The Government needs to move away from ‘us’ and ‘them’ comparators. Nothing in the Day Report prevents Government from protecting fundamental social and economic entitlements of all those within our society, other than political will.
Its time for the Government to commit to implementing the Day Report in full.
- The ban on asylum seekers accessing driving licences to be addressed immediately.
- Making labour market access permission available to everyone who has been in the system for three months.
- The establishment of a one-off, simplified, case-processing approach to clear the current backlog in cases by 2022. This would apply to all applicants who have been in the system for two years or more by the end of 2020. They would be given leave to remain in Ireland for five years, and be given the option to continue with their application or withdraw it.
- The introduction of binding targets for all new applicants from 2023 onwards.
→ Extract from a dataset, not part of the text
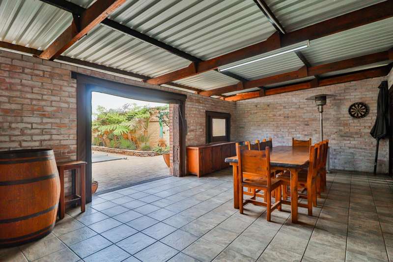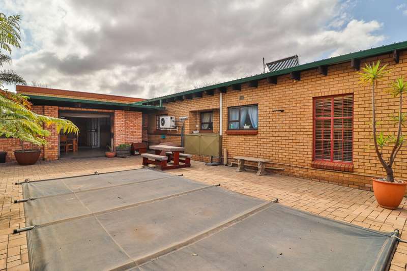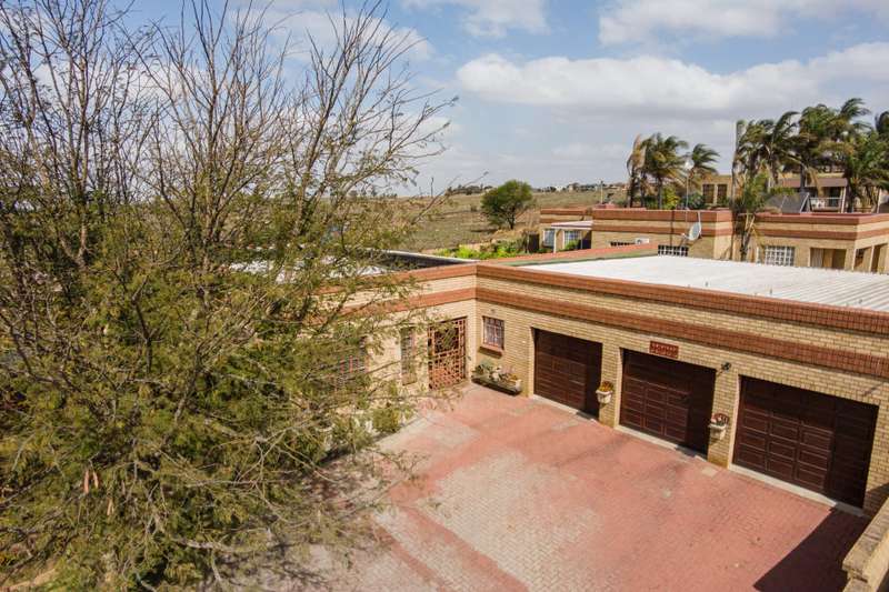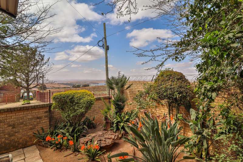 Welcome to the epitome of modern luxury living nestled within an exclusive complex boasting only four bespoke homes. This stunning residence, characterized by its sleek design and low maintenance appeal, offers a lifestyle of unparalleled comfort and convenience. As you step into this architectural masterpiece, you are greeted by a spacious interior featuring four bedrooms and three bathrooms, two of which are ensuite, providing ample space and privacy for the entire family. The open plan living areas seamlessly blend elegance with functionality, while the stylish kitchen, complete with ample cupboard space and a separate laundry, caters to the demands of modern living. Prepare to be enchanted by the entertainer's dream that awaits you, with expansive entertainment areas designed to host gatherings and create unforgettable memories. Step outside onto the generous patio, offering panoramic views of the picturesque Witbank Dam, providing the perfect backdrop for al fresco dining and relaxation. Indulge in the ultimate luxury with a sparkling pool equipped with a heat pump, inviting you to bask in its refreshing waters year-round. For added convenience, a prepaid meter, changeover switch for a generator, and a Jojo tank with a pump ensure uninterrupted utility services. Parking is a breeze with three garages and a carport, ideally suited for a caravan or additional vehicles. The meticulously landscaped garden, complete with a communal borehole, provides a tranquil retreat for both family and furry friends. Security is paramount, with electric fencing surrounding the complex and an alarm system offering peace of mind for residents. Don't miss the opportunity to make this exceptional home yours, where luxury, comfort, and convenience converge to create a lifestyle beyond compare.

These include a six-month deadline for the International Protection Office to make a first instance decision, and a six-month deadline for the International Protection Appeals Tribunal to make a decision on an appeal.
- Stage one would be the initial reception stage and accommodation would be provided by state-owned centres for up to three months. Onsite services would be available so people can access their entitlements and receive more support.
- Stage two would see applicants moving into their own door accommodation. The report calls for asylum seekers to receive HAP equivalent payment as well as a weekly allowance equivalent to income supports for Irish citizens.
- Stage three is for people who receive international protection or a permission to remain in Ireland. Under the new system, they would continue to benefit from these supports for up to 18 months after their permission is granted.
- A cabinet committee to meet regularly and report to government every six months.
- An independent body to monitor and evaluate progress.
- An extension of the Ombudsman's powers to include investigating complaints about the processes leading up to decisions on cases.